This kind of cult thinking, a belief in the extreme as normality or the antidote to a broken reality, has long manifested itself in Japan.

The Effects of Modern Cult Thinking in Japan

In the early 20th century, imperialism was the opioid of the masses. An unbending conviction that Japan’s brand of ethno-fascism, embodied by the empire, was worth protecting and spreading at all costs.

Upon Japan’s surrender at the end of the Second World War, the emperor was no longer deified while the pursuit of materialism and affluence became commonplace. This eroded many of the positive traditional values of society, breaking the bonds between the community and the individual. New forms of cult thinking gave life meaning. It became an attractive proposition in this brave new world.

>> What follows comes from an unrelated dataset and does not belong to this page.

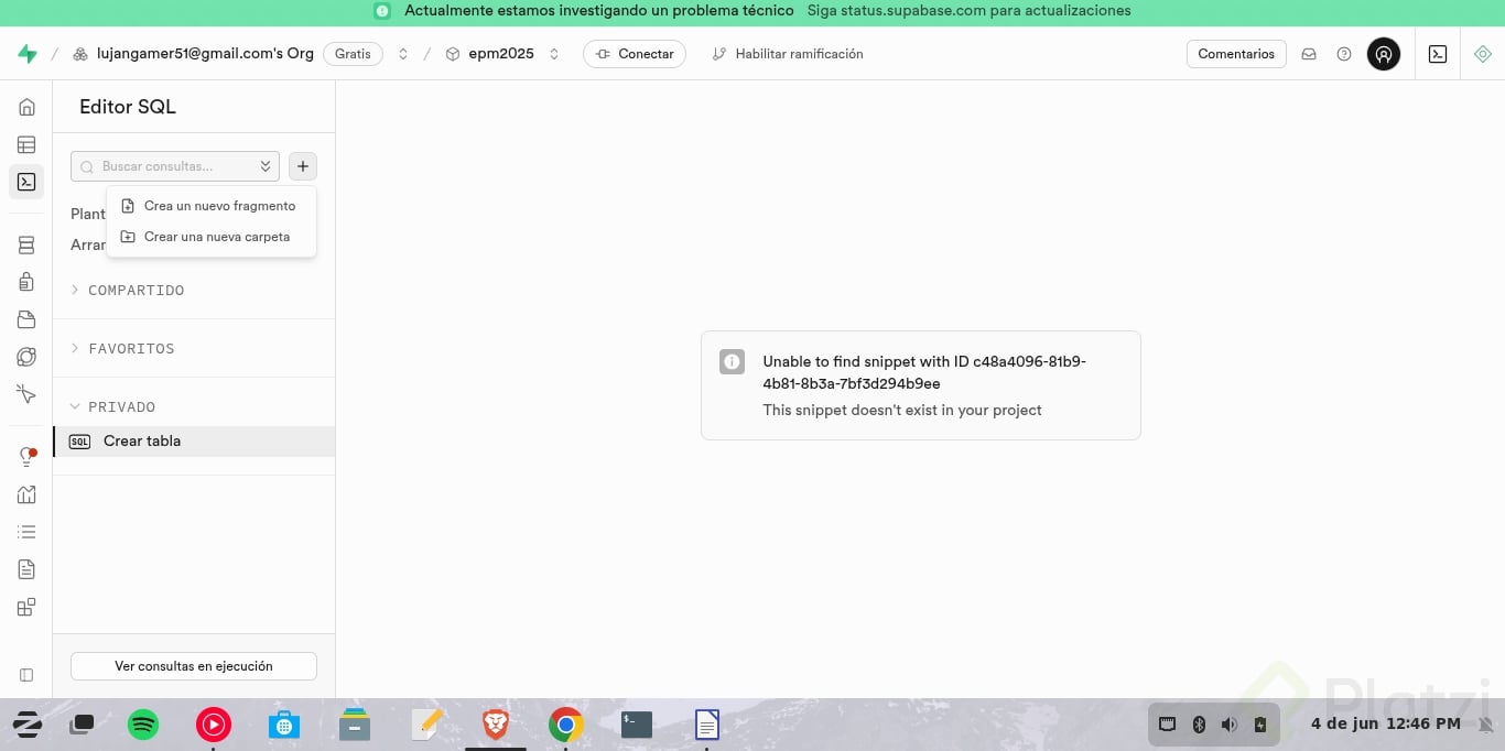 Primero es necesario estructurar correctamente bases de datos en Supabase. Este paso inicial consiste en copiar y ejecutar consultas específicas desde la interfaz.

Today, we may simply be observing the ongoing effects of this cultural anomie.

Japan’s work-till-you-drop, company-above-all-else salaryman culture is one of the most entrenched examples of extremism as the norm. Long hours isolated from the rest of the world. The ritual of clocking in, slogging through endless meetings and toasting the day’s work at the behest of the boss. It’s time spent almost exclusively in the company of those who adhere to the same corporate groupthink.

These patterns – isolation, ritual, conformity, penalties, cognitive dissonance – have all the trappings of classic cult behaviors.

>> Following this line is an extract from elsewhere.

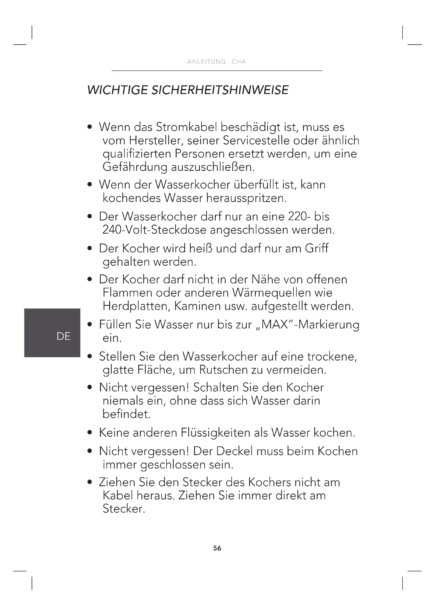 - Ziehen Sie den Stecker des Kochers nicht am Kabel heraus. Ziehen Sie immer direkt am Stecker.57

Cults operate on a control basis, encouraging a right-vs-wrong-style of binary thinking and loyalty to the cause. This was as true of Aum Shinrikyo, as it is of Happy Science, the way of the salaryman and the system of education.

Perhaps societies that modernize rapidly are more acquiescent to widespread cultification. But even in its more benign forms, cult thinking has moral, spiritual, and potentially grave, implications. And its ubiquity in Japan hints at a festering wound in dire need of treatment.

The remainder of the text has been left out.